Ces vérités pressenties par Hildegarde de Bingen ou François d’Assise ont dû attendre, pour nous frapper en pleine figure, que notre toute-puissance vienne menacer l’existence même de tout ce qui vit. Elles n’en étaient pas moins écrites. Ce rappel n’a rien d’une concession à l’air du temps.

S’il est vrai que, parfois, nous les chrétiens avons mal interprété les Écritures, nous devons rejeter aujourd’hui avec force que, du fait d’avoir été créés à l’image de Dieu et de la mission de dominer la terre, découle pour nous une domination absolue sur les autres créatures. (Laudato Si’, 67)

Laudato Si’ : une écologie qui marche sur ses deux jambes

Ces rappels théologiques n’ont rien de décoratif, eux non plus. On a parlé d’une écologie les pieds sur terre et la tête au Ciel. On peut aussi choisir la métaphore d’une écologie marchant sur deux jambes : l’une scientifique, l’autre spirituelle. Choisissez ce que vous voulez.

J’en retiens pour ma part que la « moitié » scientifique garantit à l’écologie selon François un ancrage dans la réalité, qui la protège de l’abstraction, de l’intellectualisme, mais aussi du déni où se réfugient tant de nos concitoyens.
Quant à la « moitié » spirituelle, ou théologique, elle vivifie le combat de terrain par une espérance qui fait cruellement défaut à tant d’écologistes de notre temps, épuisés, découragés, déprimés, ne croyant plus aux revirements possibles… cette désespérance de l’écologisme qui en vient à considérer l’homme comme l’ennemi de sa propre planète, approche dénoncée au point 91. Elle rend à la Création autour de l’homme sa forme de dignité propre : différente de celle de l’homme, seule espèce capable de Dieu, mais, elle aussi, réelle et sacrée. Elle brise l’opposition mortifère homme-nature, bien plus due à Descartes qu’à « la culture judéo-chrétienne » et repositionne l’un et l’autre, chacun à sa place propre dans un projet commun du Créateur. Elle sauve, enfin, l’écologie scientifique de l’écueil de l’utilitarisme : en effet, elle assigne au « reste de la Création » une valeur intrinsèque. L’insecte ou la baleine ne valent pas l’homme, mais ils valent quelque chose, et même bien davantage que ce qu’ils peuvent « nous apporter » (dans le cadre des services rendus par la biodiversité par exemple). La créature non-humaine se voit reconnaître une valeur aux yeux de Dieu, indépendante de celle que l’homme lui accorde pour des raisons utilitaires, affectives ou encore esthétiques (points 81 à 88). Ainsi, paradoxalement, la vision chrétienne de l’écologie n’est pas anthropocentrique !
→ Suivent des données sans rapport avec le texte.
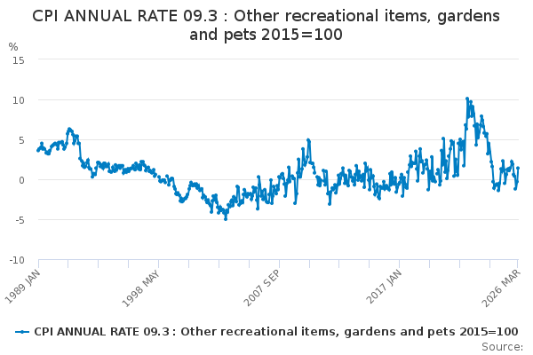 Download this time seriesCPI ANNUAL RATE 09.3 : Other recreational items, gardens and pets 2015=100
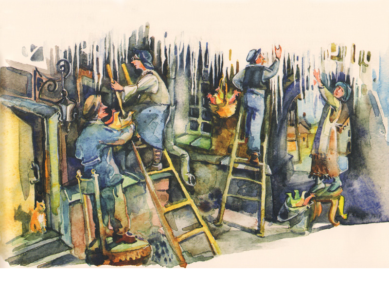 После чтения этой книги так хорошо рассматривать на форзаце сумеречный город с островерхими крышами, печными трубами и флюгерами на башнях. А потом слушать немного грустную «Песню фонарщиков» (слова Булата Окуджавы, музыка Алексея Рыбникова).
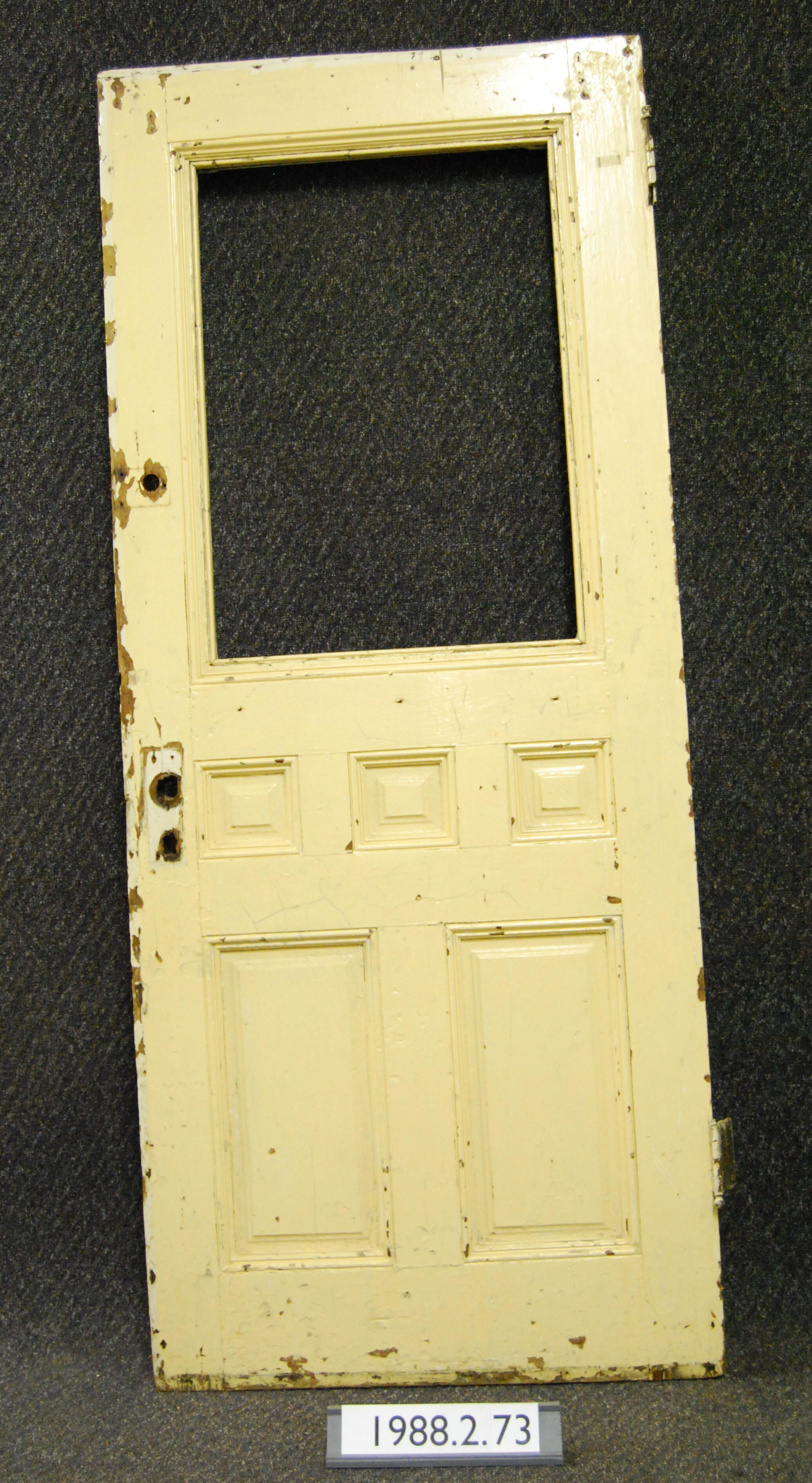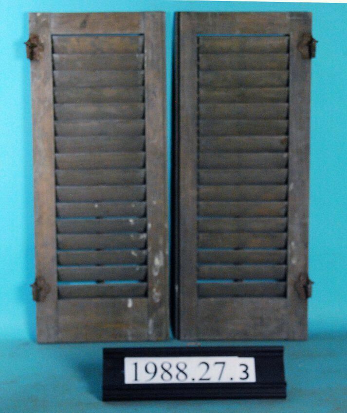 One pair of exterior louvered shutters. Each has cast iron hinge pintle and latch. Finish has been stripped. Finish: Stripped. Material: wood

Agir en chrétien contre la crise écologique

Tout notre agir chrétien dans ce monde (et même tout acte en faveur du bien commun, même non chrétien) doit prendre acte des réalités ainsi énoncées. Du point de vue écologique, c’est une approche très pertinente et réaliste, ce qui ne l’empêche nullement d’être radicale. La gravité de la situation interdit les demi-mesures (194 : Sur ces questions, les justes milieux retardent seulement un peu l’effondrement. Il s’agit simplement de redéfinir le progrès. »)

Mais comment faire ?

Décidément bien complète, Laudato Si‘ évite le dernier reproche fait aux publications écologistes : elle propose un plan d’action. Comme cet article commence à devenir long, je me limiterai à ce qui m’apparaît comme central.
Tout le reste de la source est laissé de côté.